Event Surabaya

Ada Patung Buddha 8 Meter dan Buddha Tidur 6 Meter di Tunjungan Plaza 3

#SURABAYA - Ini peninggalan Buddha yang diberikan pada Indonesia dari Raja Thailand, yang dipinjamkan untuk pameran ini,” jelas Isahito.

Ada Patung Buddha 8 Meter dan Buddha Tidur 6 Meter di Tunjungan Plaza 3
monica felicitas
Persiapan di atrium Tunjungan Plaza 3 untuk arena Vesak Festival 2016 mulai Rabu (18/5/2016). 

SURYA.co.id | SURABAYA - Atrium Tunjungan Plaza 3 Surabaya akan disulap menjadi arena pameran Waisak tahunan terbesar di Jawa Timur mulai Rabu (18/5/2016).

Penyelenggara acara, Young Buddhist Association (YBA), menandainya dengan membangun patung Buddha setinggi 8 meter yang terbuat dari 1500 kardus berukuran 1 x 2 meter per kardus.

Perayaan kali ini bertajuk Vesak Festival 2016 dengan tema ”Selfless”. dan berlangsung hingga 22 Mei.

Panitia juga memasang patung Buddha tidur berukuran 6 meter di pelataran atrium.

Penggarapan patung dari kardus akan dibuka pada 18 Mei 2016 pukul 18.00 WIB, dimeriahkan penampilan para Biksu asal Butan, India dan Tibet.

Adapun tema ”Selfless” dipresentasikan melalui diorama-diorama bernuansa Buddhisme yang unik dan menarik, antara lain diorama kelahiran Pangeran Siddhartha Gautama, diorama pencapaian pencerahan Sang Buddha, diorama Sang Buddha merealisasikan kondisi tanpa siklus kematian dan kelahiran, diorama wajah Buddha, diorama enam kualitas kesempurnaan, dan diorama Aspiration Tree.

”Selfless memberikan arti bahwa manusia adalah makhluk sosial, berkaitan dengan maklhuk lain, apabila kita melakukan kebaikan pada orang lain maka disitulah makna hari raya Waisak.
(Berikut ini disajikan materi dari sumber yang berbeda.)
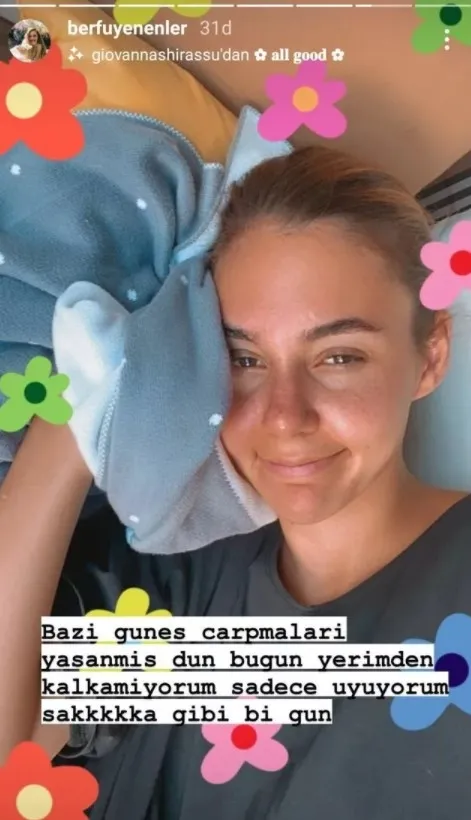 Instagram'ın hikaye kısmından bir fotoğrafını paylaşan Berfu Yenenler, paylaşımının hemen altına, "Bazı güneş çarpmaları yaşanmış dün... Bugün yerimden kalkamıyorum, sadece uyuyorum. Şaka gibi bir gün" diye yazdı. Yenenler daha sonra, "Biraz kumru yiyip, düzelmeye çalışalım" notunu düştü.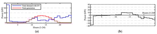 Figure 7 shows the modified demand along with the power produced and demanded by the households (without EVs). The modified demand includes the initial demand, the ESS, and the EVs. In Case 1 (Figure 7a), the best values of SC (79.10%) and SS (53.30%) are reached. Lower values are reached in Case 2 (SC is 58.16% and SS is 39.19%), Case 3 (SC is 62.88% and SS is 42.36%, which outperform those obtained in Case 2), and Case 4 (SC is 57.75% and SS is 38.91%).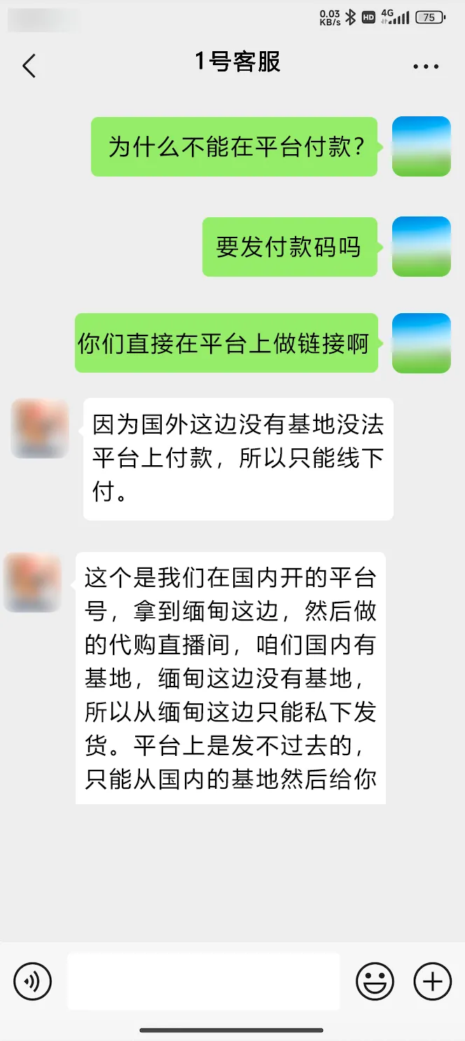 3、小店客服消息中直接引导或暗示用户离开平台交易、货到付款、添加微信私下选购等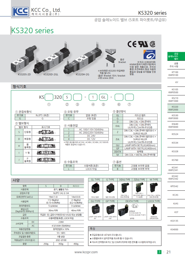 KS320S-3GL, KS320S-1GL, KS320S-2GL, KS320S-4GL, KCC 공압 솔레노이드 밸브 알아보기.
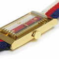 Gucci G-Frame Mother of Pearl Dial White Blue Red Nylon Strap Watch For Women - YA147405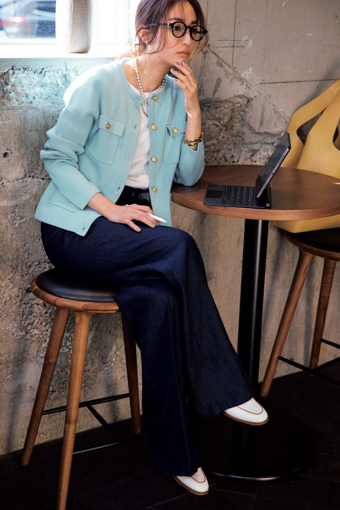 フロントのポケットと金ボタンでお仕事スイッチをON。畏まりすぎないきちんと感を狙って。カーディガン ¥28,600 Tシャツ ¥16,500 パンツ ¥31,900 シューズ※参考商品(すべてブルックス ブラザーズ/ブルックス ブラザーズ ジャパン)バッグ ¥58,300(ヴァジック/ヴァジックジャパン)メガネ ¥44,000(アイヴァン/アイヴァン 東京ギャラリー)ピアス ¥5,500 ゴールドネックレス ¥9,180 パールネックレス ¥22,050 ブレスレット ¥6,300(すべてアビステ)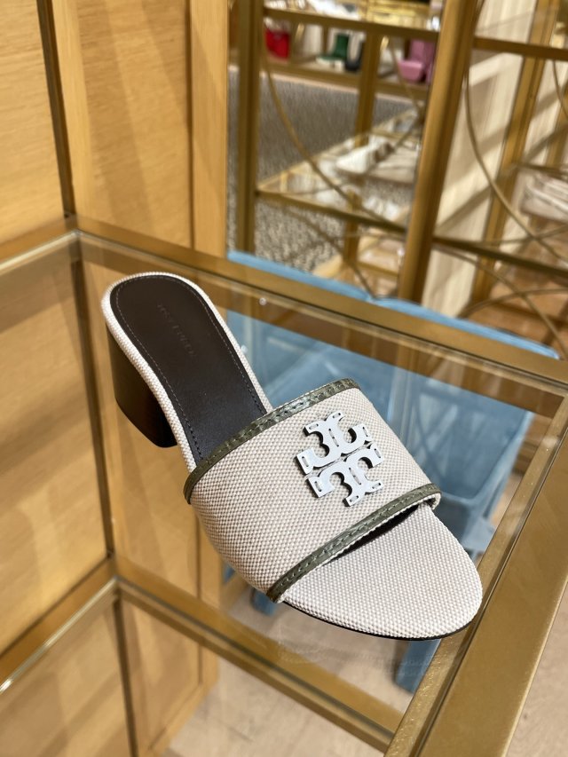🈹️清貨 Tory Burch Everly Block Heel 6cm 高踭拖鞋 (帆布 Canvas)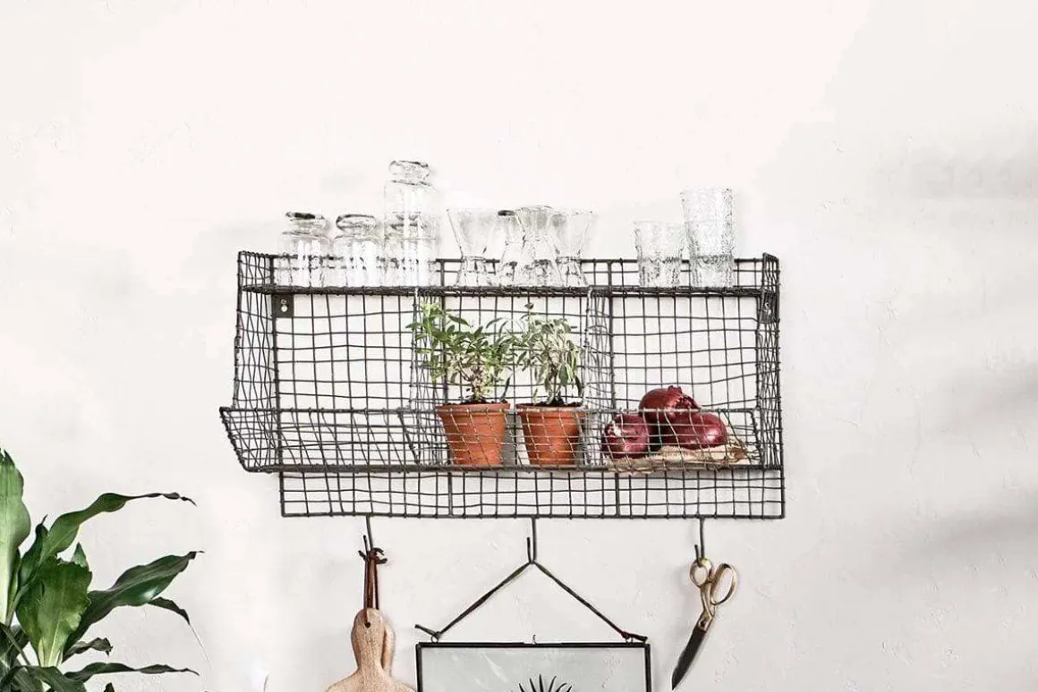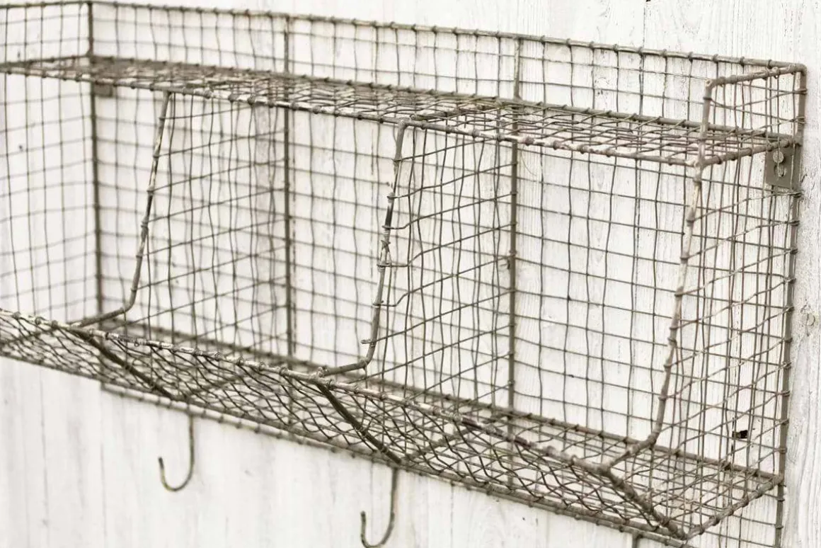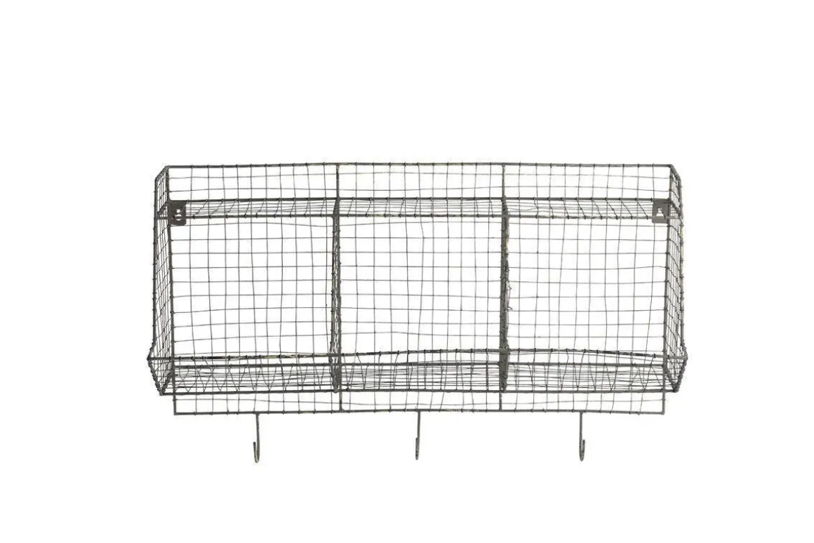 Organise your home office with this practical wire storage shelf unit. Each wall hung shelf comes with three large compartment for sorting your belongings and three practical hanging hooks.

Dan juga memberikan kesan, hari raya Waisak menjadi milik bersama bukannya hanya seorang Buddhis,” jelas Isahito Norhatan, Ketua Koordinator Umum Vesak Festival 2016.

Panitia juga bekerjasama dengan PMI dan Rotary Club Surabaya untuk menggelar donor darah mulai pukul 10.00 hingga 21.30 WIB.

Pada 21 Mei pukul 19.00 WIB juga akan diselenggarakan talkshow dipandu Praseno Nugroho, praktisi hipnoterapi dan Neuro Linguistic Programming yang mengedukasi pengunjung mengenai cara mengatasi penyakit dari sudut pandang alam bawah sadar.

Ada pula acara ”Selfless Shave” yaitu gerakan sosial dengan cara mendonorkan rambut untuk meningkatkan kesadaran, menggalang dana, dan menunjukkan empati terhadap para penderita kanker.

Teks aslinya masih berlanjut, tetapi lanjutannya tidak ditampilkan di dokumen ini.